This case out of Florida offers a tantalizing hint of what may be to come. The appellate case itself is almost meaningless, but what the trial court did is promising.
The trial court overturned Florida’s Putative Father Registry as violating the father’s rights to due process of law and his right to privacy. For those of you who don’t slavishly read every word of GlennSacks.com (are there such people?), putative father registries are handy-dandy devices whereby states get around single fathers’ parental rights in adoption cases. The laws of the 29 or so states with PFRs require single fathers to inform the state just in case a woman with whom they have intercourse becomes pregnant, carries the child to term and places it for adoption. In that event, the court handling the adoption will check with the state’s PFR to see if the dad has registered. If he hasn’t, then the adoption can proceed without notice to him.

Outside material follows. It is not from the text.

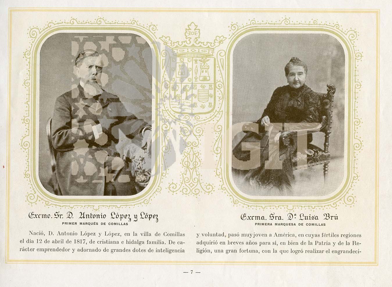 - Publicación con los retratos fotográficos de Antonio López y López, primer marqués de Comillas, y de su esposa, M.ª Luisa Bru

Now, in most states, PFRs are closely guarded secrets. Few states do anything to publicize them with the result that very few fathers sign up. Last year I linked to a great article by a young paralegal student in Ohio who’d heard about the state’s PFR in class. His adventures in attempting to locate the PFR and find out how to register made for both amusing and enraging reading.

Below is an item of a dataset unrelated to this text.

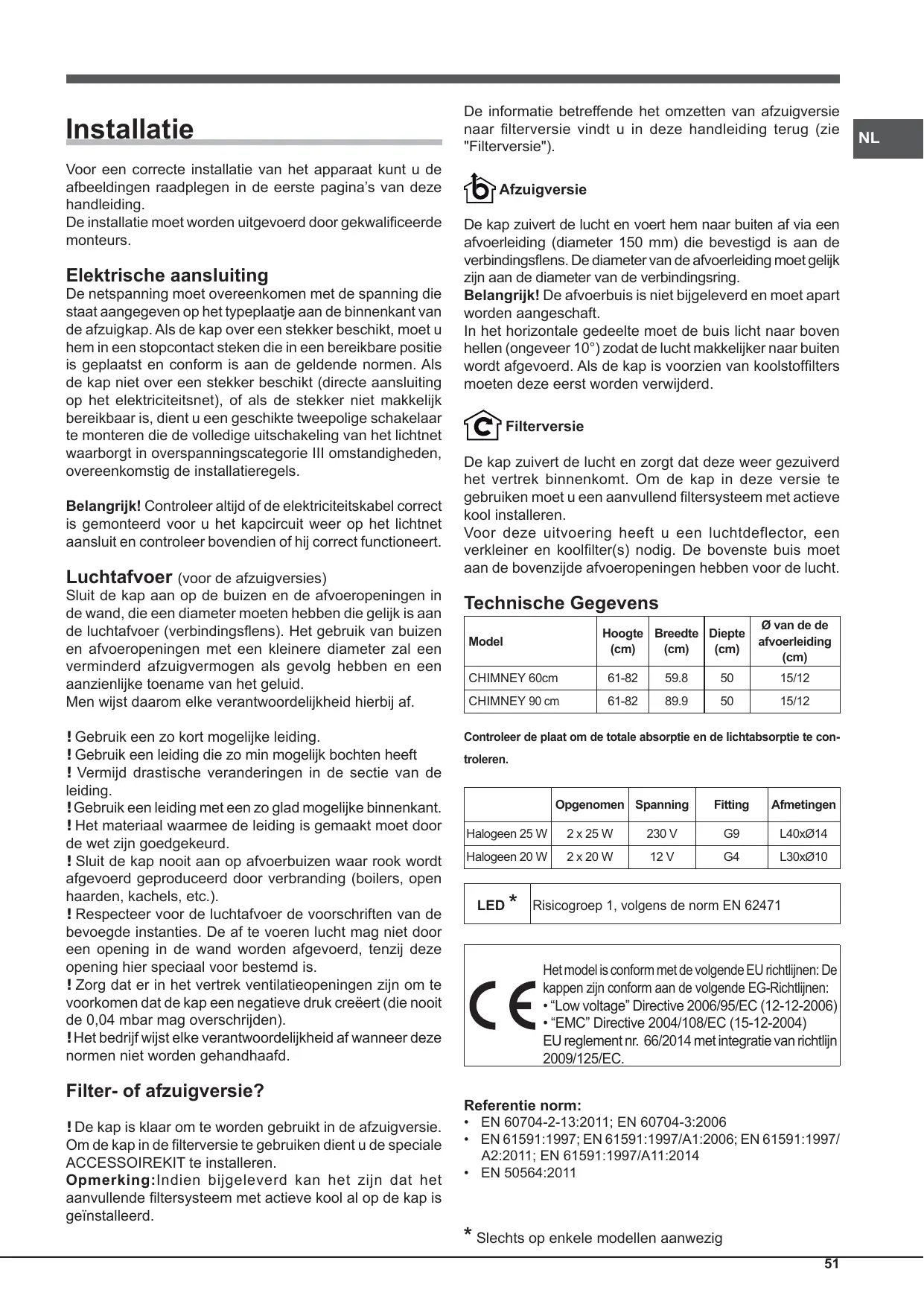 Installatie Voor een correcte installatie van het apparaat kunt u de afbeeldingen raadplegen in de eerste pagina’s van deze handleiding. De installatie moet worden uitgevoerd door gekwalificeerde monteurs. Elektrische aansluiting De netspanning moet overeenkomen met de spanning die staat aangegeven op het typeplaatje aan de binnenkant van de afzuigkap. Als de kap over een stekker beschikt, moet u hem in een stopcontact steken die in een bereikbare positie is geplaatst en conform is aan de geldende normen. Als de kap niet over een stekker beschikt (directe aansluiting op het elektriciteitsnet), of als de stekker niet makkelijk bereikbaar is, dient u een geschikte tweepolige schakelaar te monteren die de volledige uitschakeling van het lichtnet waarborgt in overspanningscategorie III omstandigheden, overeenkomstig de installatieregels. Belangrijk! Controleer altijd of de elektriciteitskabel correct is gemonteerd voor u het kapcircuit weer op het lichtnet aansluit en controleer bovendien of hij correct functioneert. Luchtafvoer (voor de afzuigversies) De informatie betreffende het omzetten van afzuigversie naar filterversie vindt u in deze handleiding terug (zie "Filterversie"). Afzuigversie De kap zuivert de lucht en voert hem naar buiten af via een afvoerleiding (diameter 150 mm) die bevestigd is aan de verbindingsflens. De diameter van de afvoerleiding moet gelijk zijn aan de diameter van de verbindingsring. Belangrijk! De afvoerbuis is niet bijgeleverd en moet apart worden aangeschaft. In het horizontale gedeelte moet de buis licht naar boven hellen (ongeveer 10°) zodat de lucht makkelijker naar buiten wordt afgevoerd. Als de kap is voorzien van koolstoffilters moeten deze eerst worden verwijderd. Filterversie De kap zuivert de lucht en zorgt dat deze weer gezuiverd het vertrek binnenkomt. Om de kap in deze versie te gebruiken moet u een aanvullend filtersysteem met actieve kool installeren. Voor deze uitvoering heeft u een luchtdeflector, een verkleiner en koolfilter(s) nodig. De bovenste buis moet aan de bovenzijde afvoeropeningen hebben voor de lucht. Sluit de kap aan op de buizen en de afvoeropeningen in de wand, die een diameter moeten hebben die gelijk is aan de luchtafvoer (verbindingsflens). Het gebruik van buizen en afvoeropeningen met een kleinere diameter zal een verminderd afzuigvermogen als gevolg hebben en een aanzienlijke toename van het geluid. Men wijst daarom elke verantwoordelijkheid hierbij af. Technische Gegevens ! Gebruik een zo kort mogelijke leiding. ! Gebruik een leiding die zo min mogelijk bochten heeft ! Vermijd drastische veranderingen in de sectie van de leiding. ! Gebruik een leiding met een zo glad mogelijke binnenkant. ! Het materiaal waarmee de leiding is gemaakt moet door de wet zijn goedgekeurd. ! Sluit de kap nooit aan op afvoerbuizen waar rook wordt afgevoerd geproduceerd door verbranding (boilers, open haarden, kachels, etc.). ! Respecteer voor de luchtafvoer de voorschriften van de bevoegde instanties. De af te voeren lucht mag niet door een opening in de wand worden afgevoerd, tenzij deze opening hier speciaal voor bestemd is. ! Zorg dat er in het vertrek ventilatieopeningen zijn om te voorkomen dat de kap een negatieve druk creëert (die nooit de 0,04 mbar mag overschrijden). ! Het bedrijf wijst elke verantwoordelijkheid af wanneer deze normen niet worden gehandhaafd. Controleer de plaat om de totale absorptie en de lichtabsorptie te con- Filter- of afzuigversie? ! De kap is klaar om te worden gebruikt in de afzuigversie. Om de kap in de filterversie te gebruiken dient u de speciale ACCESSOIREKIT te installeren. Opmerking:Indien bijgeleverd kan het zijn dat het aanvullende filtersysteem met actieve kool al op de kap is geïnstalleerd. Hoogte Breedte Diepte (cm) (cm) (cm) Model Ø van de de afvoerleiding (cm) CHIMNEY 60cm 61-82

So, with dads out of the loop, adoptions are easier to finalize. One of the major problems with the whole concept is that good qualified dads are tossed aside along with all the others. That means that, by bypassing those good dads, states are forcing adoption on children who don’t need it. In the process, they’re denying adoptive parents to those children in foster care and orphanages who desperately do need parents. Thus do PFRs accomplish the opposite of what they’re meant to.

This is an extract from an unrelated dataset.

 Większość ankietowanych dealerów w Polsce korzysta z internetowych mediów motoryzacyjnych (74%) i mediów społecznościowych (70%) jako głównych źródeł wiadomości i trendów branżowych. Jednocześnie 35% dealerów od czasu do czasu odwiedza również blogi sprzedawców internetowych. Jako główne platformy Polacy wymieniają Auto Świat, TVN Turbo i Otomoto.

I’ve read countless cases in which PFRs were used to deny their children to highly qualified and motivated dads. Often enough, it’s because the mother refused to tell him about his child, and the case linked to is no exception. In it the mother and the father had a brief fling while she was involved with another man. When she turned up pregnant, she told the long-term boyfriend the child was his. The “fling” was in the Navy, had shipped out and knew nothing of the pregnancy.
Although the judges writing the opinion are far too tactful to mention such tawdry matters, I suspect what happened was that, once the child was born, the man who thought he was the dad said something like “that kid doesn’t look like me,” and out spilled the beans. In any case, they did genetic testing and sure enough, the child was the Naval petty officer’s. Shortly thereafter, he and mom got married.
And it was that marriage that stopped the adoption that the mother and the other man had started. Likewise, it was that marriage that allowed the appellate court to avoid addressing the constitutional arguments the trial court had made.
the trial court ruled that [the Putative Father Registry statute] could not be applied constitutionally in [the biological father’s] case, opining that “to find that [the father] had given up all rights to his child under these circumstances would be a violation of his due process and privacy rights.” In reaching this conclusion, the trial court reasoned that the “right to have a relationship with one’s own child is too important a legal right to forfeit” based on a statutory presumption that unmarried men who engage in sexual relations are on notice of the obligation to file a claim of paternity with the Registry in order to protect their paternal rights.
Many of us have been arguing the same things for years. It’s only a trial court and it’s only in one state, so by itself the case doesn’t mean much. But there are far more out-of-wedlock pregnancies now than when the first PFR passed constitutional muster back in 1979. That, together with the fact that PFRs make a mockery of the concept of due process of law, just might get courts to rethink their past acceptance of statutory schemes that deny fathers their rights and deny parents to children who need them.